We turn to the last inequality of the first statement. By the definition of \(\theta _{\varepsilon }\), the construction of the fixed point and the smoothing estimate from Lemma 6.5, we have that

$$\begin{aligned} \left\| \theta _{\varepsilon }\left( g_c\right) \right\| _{W} \le \left\| S_\varepsilon \left( w_{-1}\right) \right\| _{W} \lesssim \left\| w_{-1}\right\| _{H}. \end{aligned}$$

It remains to notice that \(\left\| w_{-1}\right\| _{H}\lesssim {\left| \!\left| \!\left| w_{-1}\right| \!\right| \!\right| }\le \Lambda _-^{-1}{\left| \!\left| \!\left| g_c\right| \!\right| \!\right| }\lesssim {\left| \!\left| \!\left| g_c\right| \!\right| \!\right| }\) by the equivalence of the norms and the bound (59) applied to the solution sequence.

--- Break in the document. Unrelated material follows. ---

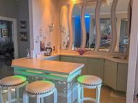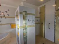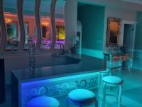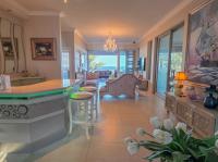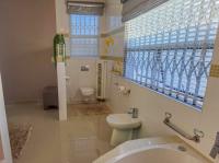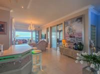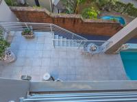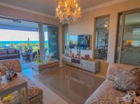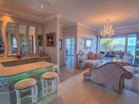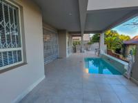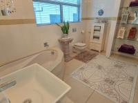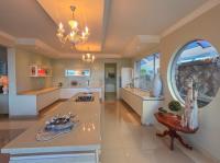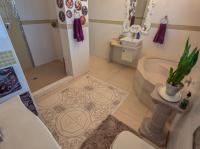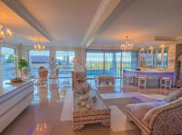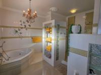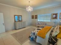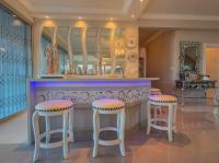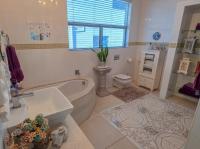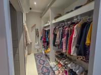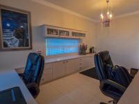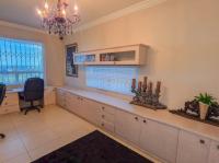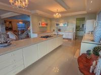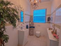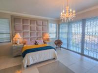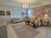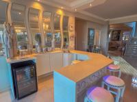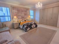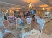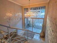 Inside, the open-plan layout flows effortlessly across three lounges and a formal dining area. Polished tiles, crystal chandeliers, and designer lighting create a sophisticated atmosphere. A feature staircase with sleek railings connects the levels, while a modern bar area adds a touch of style for relaxed entertaining. Every detail, from the air conditioning to the tasteful finishes, reflects careful attention to comfort and quality. The residence includes four spacious bedrooms (one of which is currently used as a study) and three beautifully appointed bathrooms. Each room offers privacy and luxury, ideal for family living or hosting guests.

The second part of the proof covers the properties of the center manifold \(W_\varepsilon ^c\) which is defined as the graph of \(\theta _\varepsilon \). We commence with the invariance of \(W_\varepsilon ^c\). For this we consider an arbitrary point on that manifold \(g=g_c+\theta _\varepsilon \left( g_c\right) \) and consider the evolution \(\left\{ w_k\right\} _{k\in \mathbb {Z}} = S^k_\varepsilon (g) = \hat{\theta }_{\varepsilon }(g)\) starting at that point. We have to show that for every time step \(k\in \mathbb {Z}\), the solution \(w_k\) lies in \(W_\varepsilon ^c\), or, equivalently, that \(P_sw_k=\theta _{\varepsilon }\left( P_cw_k\right) \). By iteration, it suffices to show this only for \(k=1\) and \(k=-1\). We set \(\tilde{g}_c=P_cw_1\). Then \(S^k_\varepsilon \left( \tilde{w}_0\right) = \hat{\theta }_\varepsilon \left( \tilde{g}_c\right) \) is the unique flow in \(\ell _{\Lambda _-,\Lambda _+}\) that satisfies \(P_c\tilde{w}_0=\tilde{g}_c\). Since \(P_cw_1 = \tilde{g}_c\), we have by uniqueness that \(w_{k+1}=\tilde{w}_k\) for every \(k\in \mathbb {Z}\). This yields \(P_sw_1 = P_s\tilde{w}_0= \theta _{\varepsilon }\left( \tilde{g}_c\right) =\theta _{\varepsilon }\left( P_cw_1\right) \). The same procedure backwards in time yields the statement for \(k=-1\).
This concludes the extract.